The annual Global Drug Survey (GDS) was released recently, showing that little more than 60 percent of drug users from New Zealand acquired narcotics from the dark web in the past year.

The London-based independent research company produces reports from global media, public health, and for corporate organizations. With the GDS’ annual reports, the company seeks to present data, which will create digital health applications delivering screening and brief interventions for narcotics and alcohol. The Global Drug Survey states that their mission is to aim to make drug use safer regardless of the legal status of the drug, “by sharing information with individuals, communities, health and policy organizations”. In their 2017 report, A total of 119,846 people from over 50 countries participated in the survey. According to the GDS, they had used the data of 115,523 persons in the preparation of the reports. From New Zealand, the number of respondents was 3,800 persons. The Global Drug Survey always collects the data from drug and alcohol users in an anonymous manner.

Internationally, the top drug of choice was alcohol with 94.1 percent of the respondents using the substance last year. It was followed by cannabis (60 percent), tobacco (47.6 percent), caffeinated energy drinks (42.8 percent), cannabis with tobacco (38.3 percent), cocaine (19.1 percent), MDMA (19 percent). Amphetamine was also popular among the respondents with 12.2 percent closely followed by LSD with 11.4 percent.

To the question whether the participants smoked a joint within one hour of waking, 9.7 percent of New Zealanders answered with yes.

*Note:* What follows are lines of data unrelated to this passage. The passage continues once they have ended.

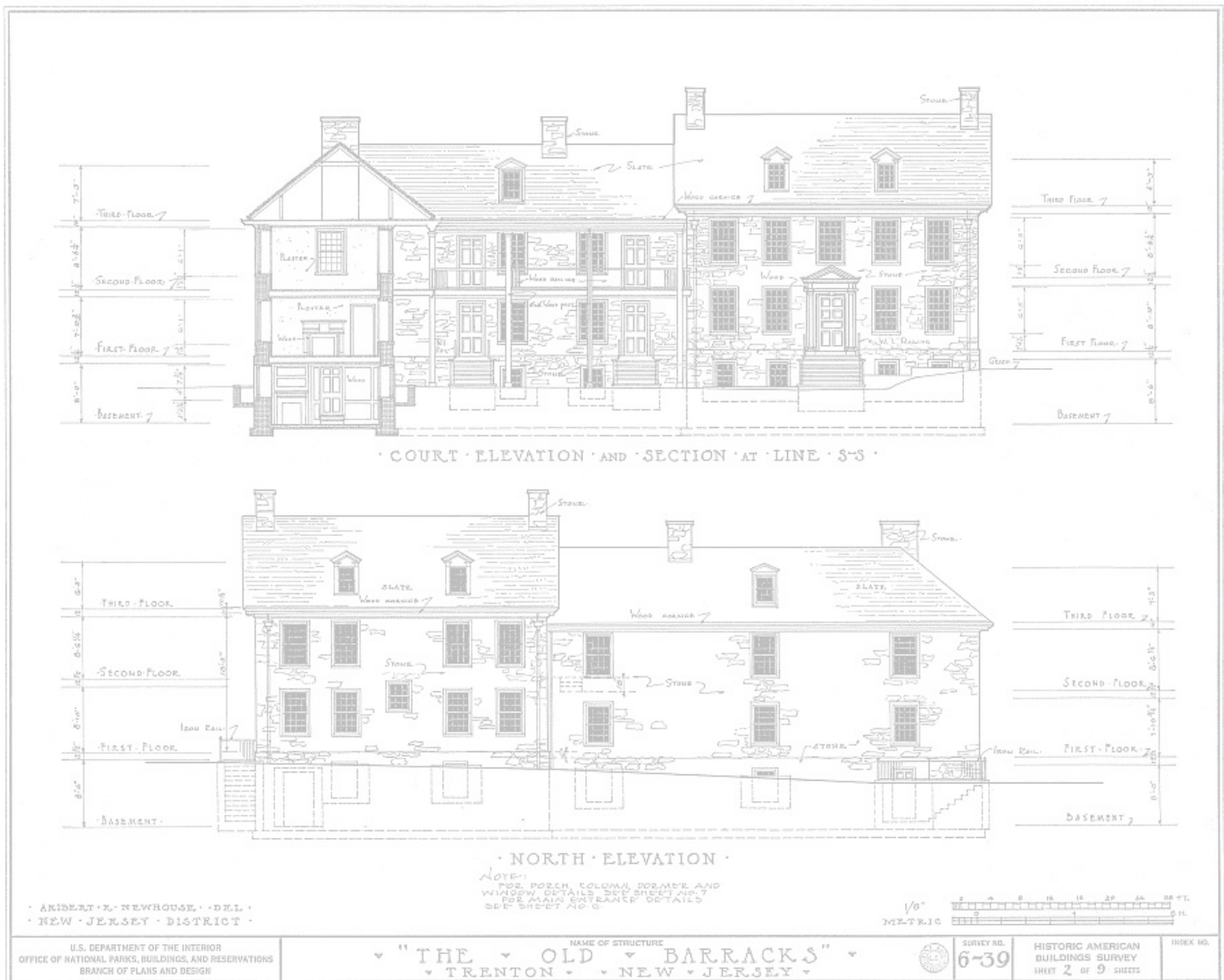
Measured drawings, such as this plan of the Old Barracks, can be a helpful tool to clarify existing conditions and note areas of deterioration. HABS NJ,11-TRE,4- (sheet 2 of 9) - Old Barracks, South Willow Street, Trenton, Mercer County, NJ.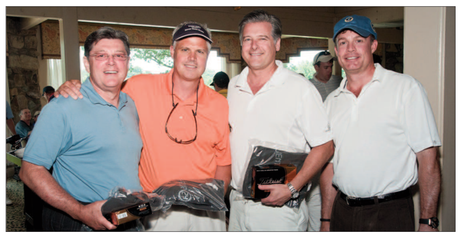
Eagle Trophy winners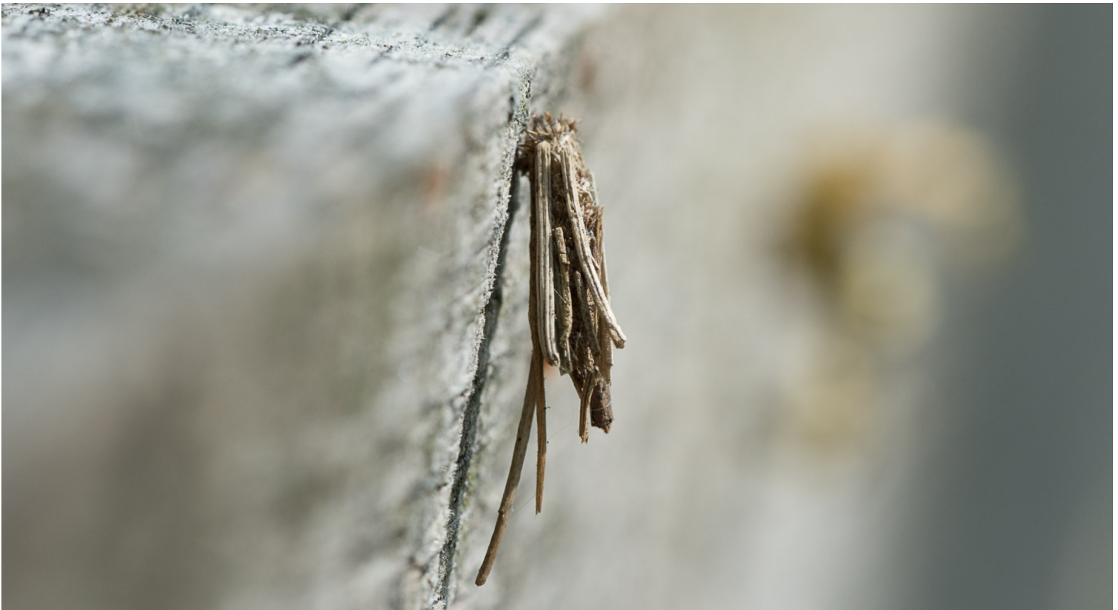
Top left - Oak Leaf Roller, Top right - Satellite Moth, Bottom - a female Bagworm (a moth)

The drug survey also shows that respondents from New Zealand prefer straight cannabis, only 23 percent use tobacco with the drug. 25.8 percent of the New Zealanders aimed to use less cannabis the next year, while 7.8 percent of them would like to seek help (from professionals, friends, family, etc.).

New Zealand alcohol users are also keen to kick their drinking habits, 36.9 percent said they wanted to drink less next year with 12.4 percent of the users saying they wanted help to cut down their drinking habit.

The most surprising data from the survey was related to the use of dark net markets. According to the Global Drug Survey, more than 60 percent (2,316 from the 3,800 respondents) obtained their drugs from the dark side of the internet last year. This percentage was also high among respondents from other countries too, including 20,298 of 36,000 (56.38 percent) from Germany and 5,655 of 10,100 (55.99 percent) from the United States.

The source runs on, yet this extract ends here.